CURRENT AFFAIRS | 14 JULY 2026
India’s Navy is quietly rewriting its self-reliance story: since December 2024 it has commissioned 18 warships in about 18 months, with 8 more expected by end-2026 and 48 vessels currently under construction almost entirely in Indian yards.
The showpiece of this surge is Project 17A, the Nilgiri-class stealth frigates. A follow-on to the Shivalik-class (Project 17), these ships are built jointly by Mazagon Dock Shipbuilders Limited (MDL, Mumbai) and Garden Reach Shipbuilders & Engineers (GRSE, Kolkata), and carry over 75% indigenous content — a figure that captures how far India’s warship ecosystem has matured from importing hulls to designing and integrating them at home.

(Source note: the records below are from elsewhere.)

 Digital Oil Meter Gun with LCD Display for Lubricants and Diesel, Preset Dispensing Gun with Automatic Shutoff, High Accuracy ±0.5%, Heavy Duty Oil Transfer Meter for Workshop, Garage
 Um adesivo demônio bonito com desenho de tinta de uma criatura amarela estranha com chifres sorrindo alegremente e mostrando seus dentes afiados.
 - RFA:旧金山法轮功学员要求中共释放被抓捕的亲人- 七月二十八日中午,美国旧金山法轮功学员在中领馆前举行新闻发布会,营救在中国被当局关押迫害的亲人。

The sixth and final P-17A frigate, INS Mahendragiri (about 6,670 tonnes), was recently commissioned. These multi-role platforms bristle with capability: BrahMos supersonic surface-to-surface missiles, a multi-function radar and medium-range surface-to-air missiles, giving the Navy potent reach across air, surface and sub-surface threats. Just as striking is the pace — by using advanced simulation, modular construction and public-private partnerships, delivery timelines were compressed from roughly 90 months to about 72 months per ship.

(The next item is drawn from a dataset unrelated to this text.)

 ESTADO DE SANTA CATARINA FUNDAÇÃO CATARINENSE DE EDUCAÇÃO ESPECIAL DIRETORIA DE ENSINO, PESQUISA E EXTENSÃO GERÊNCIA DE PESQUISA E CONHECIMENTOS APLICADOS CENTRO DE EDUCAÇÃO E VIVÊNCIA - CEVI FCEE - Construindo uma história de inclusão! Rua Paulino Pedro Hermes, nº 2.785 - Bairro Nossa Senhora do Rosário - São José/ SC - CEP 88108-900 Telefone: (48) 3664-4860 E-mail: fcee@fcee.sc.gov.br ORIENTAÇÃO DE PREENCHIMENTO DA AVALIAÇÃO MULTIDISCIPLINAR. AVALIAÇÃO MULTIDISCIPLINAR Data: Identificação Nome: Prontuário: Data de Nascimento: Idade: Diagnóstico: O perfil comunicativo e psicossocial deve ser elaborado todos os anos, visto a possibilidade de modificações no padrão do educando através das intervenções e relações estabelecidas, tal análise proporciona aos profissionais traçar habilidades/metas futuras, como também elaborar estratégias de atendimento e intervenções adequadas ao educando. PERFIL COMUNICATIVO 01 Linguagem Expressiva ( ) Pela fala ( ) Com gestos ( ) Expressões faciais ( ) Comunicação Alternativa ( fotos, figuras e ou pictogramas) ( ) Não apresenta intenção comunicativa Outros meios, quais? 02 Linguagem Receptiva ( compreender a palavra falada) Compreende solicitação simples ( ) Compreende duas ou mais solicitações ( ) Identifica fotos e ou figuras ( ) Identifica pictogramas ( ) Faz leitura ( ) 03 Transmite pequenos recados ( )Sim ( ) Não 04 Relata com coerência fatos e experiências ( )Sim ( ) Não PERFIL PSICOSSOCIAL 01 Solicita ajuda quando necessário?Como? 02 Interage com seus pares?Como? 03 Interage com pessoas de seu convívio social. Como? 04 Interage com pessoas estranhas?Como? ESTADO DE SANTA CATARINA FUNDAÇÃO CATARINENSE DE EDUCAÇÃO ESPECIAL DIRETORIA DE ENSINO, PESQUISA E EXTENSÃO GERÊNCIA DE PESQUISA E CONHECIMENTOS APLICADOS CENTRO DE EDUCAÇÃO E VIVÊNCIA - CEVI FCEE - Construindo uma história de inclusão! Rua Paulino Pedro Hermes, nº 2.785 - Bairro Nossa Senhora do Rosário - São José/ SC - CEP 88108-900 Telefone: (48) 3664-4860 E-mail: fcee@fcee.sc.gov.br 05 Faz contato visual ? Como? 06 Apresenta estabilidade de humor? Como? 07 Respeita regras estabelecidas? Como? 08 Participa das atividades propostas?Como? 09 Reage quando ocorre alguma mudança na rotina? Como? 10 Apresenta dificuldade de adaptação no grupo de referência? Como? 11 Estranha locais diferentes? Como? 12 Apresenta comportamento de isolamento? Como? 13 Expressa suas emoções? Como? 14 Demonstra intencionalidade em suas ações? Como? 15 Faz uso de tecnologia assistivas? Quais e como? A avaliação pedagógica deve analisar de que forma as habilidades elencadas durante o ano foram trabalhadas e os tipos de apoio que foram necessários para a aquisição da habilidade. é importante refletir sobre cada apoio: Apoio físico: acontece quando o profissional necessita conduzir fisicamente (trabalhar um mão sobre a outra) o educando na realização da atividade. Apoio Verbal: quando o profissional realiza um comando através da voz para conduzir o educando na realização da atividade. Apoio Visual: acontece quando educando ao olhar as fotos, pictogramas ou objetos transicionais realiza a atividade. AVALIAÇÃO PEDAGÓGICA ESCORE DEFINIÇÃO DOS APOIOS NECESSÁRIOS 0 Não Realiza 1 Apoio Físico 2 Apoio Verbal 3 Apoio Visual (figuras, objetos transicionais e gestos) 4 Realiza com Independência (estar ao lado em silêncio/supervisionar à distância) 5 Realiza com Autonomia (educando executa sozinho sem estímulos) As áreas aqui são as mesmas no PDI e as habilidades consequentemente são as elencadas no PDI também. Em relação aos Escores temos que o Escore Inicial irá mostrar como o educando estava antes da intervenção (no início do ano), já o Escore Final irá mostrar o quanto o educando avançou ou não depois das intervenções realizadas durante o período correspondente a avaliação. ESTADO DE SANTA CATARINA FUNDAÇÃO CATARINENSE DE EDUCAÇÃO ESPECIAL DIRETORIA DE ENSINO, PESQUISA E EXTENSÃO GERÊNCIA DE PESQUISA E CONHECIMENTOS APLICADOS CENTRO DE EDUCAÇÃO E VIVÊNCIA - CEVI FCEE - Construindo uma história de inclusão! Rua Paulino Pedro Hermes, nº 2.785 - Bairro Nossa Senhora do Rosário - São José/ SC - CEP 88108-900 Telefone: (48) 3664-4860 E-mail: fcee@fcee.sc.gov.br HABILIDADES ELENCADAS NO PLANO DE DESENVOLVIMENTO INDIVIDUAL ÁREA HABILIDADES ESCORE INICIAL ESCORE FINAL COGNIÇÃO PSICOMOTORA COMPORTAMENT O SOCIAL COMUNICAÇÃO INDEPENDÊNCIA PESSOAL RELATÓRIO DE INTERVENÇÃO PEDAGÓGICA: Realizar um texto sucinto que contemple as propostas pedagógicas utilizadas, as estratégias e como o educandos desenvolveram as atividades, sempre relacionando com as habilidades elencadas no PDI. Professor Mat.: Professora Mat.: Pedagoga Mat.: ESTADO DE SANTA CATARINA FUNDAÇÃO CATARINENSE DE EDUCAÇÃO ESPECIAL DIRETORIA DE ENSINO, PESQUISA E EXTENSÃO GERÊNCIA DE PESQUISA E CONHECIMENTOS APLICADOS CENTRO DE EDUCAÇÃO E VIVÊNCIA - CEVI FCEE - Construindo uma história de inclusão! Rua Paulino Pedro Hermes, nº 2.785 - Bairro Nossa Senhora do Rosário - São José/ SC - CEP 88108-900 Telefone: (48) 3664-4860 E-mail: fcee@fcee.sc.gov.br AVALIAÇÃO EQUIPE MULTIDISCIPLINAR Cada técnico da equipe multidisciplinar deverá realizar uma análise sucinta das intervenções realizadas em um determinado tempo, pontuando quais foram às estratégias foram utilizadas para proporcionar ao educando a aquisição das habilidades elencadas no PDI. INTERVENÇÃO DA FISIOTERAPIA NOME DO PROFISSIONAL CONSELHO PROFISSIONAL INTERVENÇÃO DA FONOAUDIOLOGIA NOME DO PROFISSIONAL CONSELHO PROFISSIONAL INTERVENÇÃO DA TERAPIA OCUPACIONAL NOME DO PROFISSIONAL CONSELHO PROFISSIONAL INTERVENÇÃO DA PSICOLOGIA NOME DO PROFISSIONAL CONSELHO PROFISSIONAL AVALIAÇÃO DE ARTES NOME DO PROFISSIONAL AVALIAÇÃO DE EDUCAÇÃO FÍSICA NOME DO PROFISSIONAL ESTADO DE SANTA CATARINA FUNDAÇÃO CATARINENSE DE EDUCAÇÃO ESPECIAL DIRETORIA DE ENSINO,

The programme is not a one-off. The Navy is already moving to Project 17B frigates and Project 15B (Visakhapatnam-class) destroyers, and is planning a class of next-generation destroyers. Together these projects anchor India’s ambition of a genuine blue-water Navy — one able to secure the Indian Ocean Region and its vital sea lines of communication as China’s naval footprint expands.
🏛️ Constitutional / Legal Framework
- Defence Acquisition Council (DAC): The apex procurement body, chaired by the Defence Minister, that clears major acquisitions and grants Acceptance of Necessity (AoN) at the start of the cycle.

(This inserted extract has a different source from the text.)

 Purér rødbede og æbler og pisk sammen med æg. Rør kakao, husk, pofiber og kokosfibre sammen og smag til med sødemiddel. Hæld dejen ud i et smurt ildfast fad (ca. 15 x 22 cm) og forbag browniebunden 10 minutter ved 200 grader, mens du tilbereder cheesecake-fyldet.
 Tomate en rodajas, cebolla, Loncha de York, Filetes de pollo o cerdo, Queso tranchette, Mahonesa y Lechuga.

- Atmanirbhar Bharat / Make in India: The policy vision driving self-reliance in defence manufacturing and design.
- MoD positive indigenisation lists: The Ministry of Defence’s negative-import lists progressively bar imports of specified items to force domestic sourcing.
- MDL & GRSE: Public-sector defence shipyards executing Project 17A, backed by public-private partnerships.
⚖️ Why This Matters for CLAT
Defence indigenisation is a recurring GK theme that fuses current affairs with static knowledge. CLAT questions can test the institutional chain — who grants AoN (the DAC), which ministry issues the indigenisation lists (MoD) — alongside factual recall of shipyards, classes and weapon systems. The Atmanirbhar Bharat framing also links defence to economic and strategic policy, ideal terrain for reasoning-based passages.
📌 Key Facts
| Project | Project 17A — Nilgiri-class stealth frigates |
| Predecessor | Shivalik-class (Project 17) |
| Shipyards | MDL (Mumbai) & GRSE (Kolkata) |
| Indigenous content | Over 75% |
| Sixth & last frigate | INS Mahendragiri (~6,670 tonnes) |
| Key armament | BrahMos missiles, multi-function radar, MR-SAM |
| Delivery time cut | ~90 months → ~72 months per ship |
| Framework | DAC / AoN under Atmanirbhar Bharat |
From MDL and GRSE slipways to BrahMos-armed frigates, Project 17A is the clearest sign yet that India’s blue-water Navy is being built at home.
🧠 Memory Aid
“MDL-GRSE Make Nilgiri Roar” — two shipyards (MDL, GRSE) build the Nilgiri-class Project 17A frigates that make India’s blue-water Navy roar.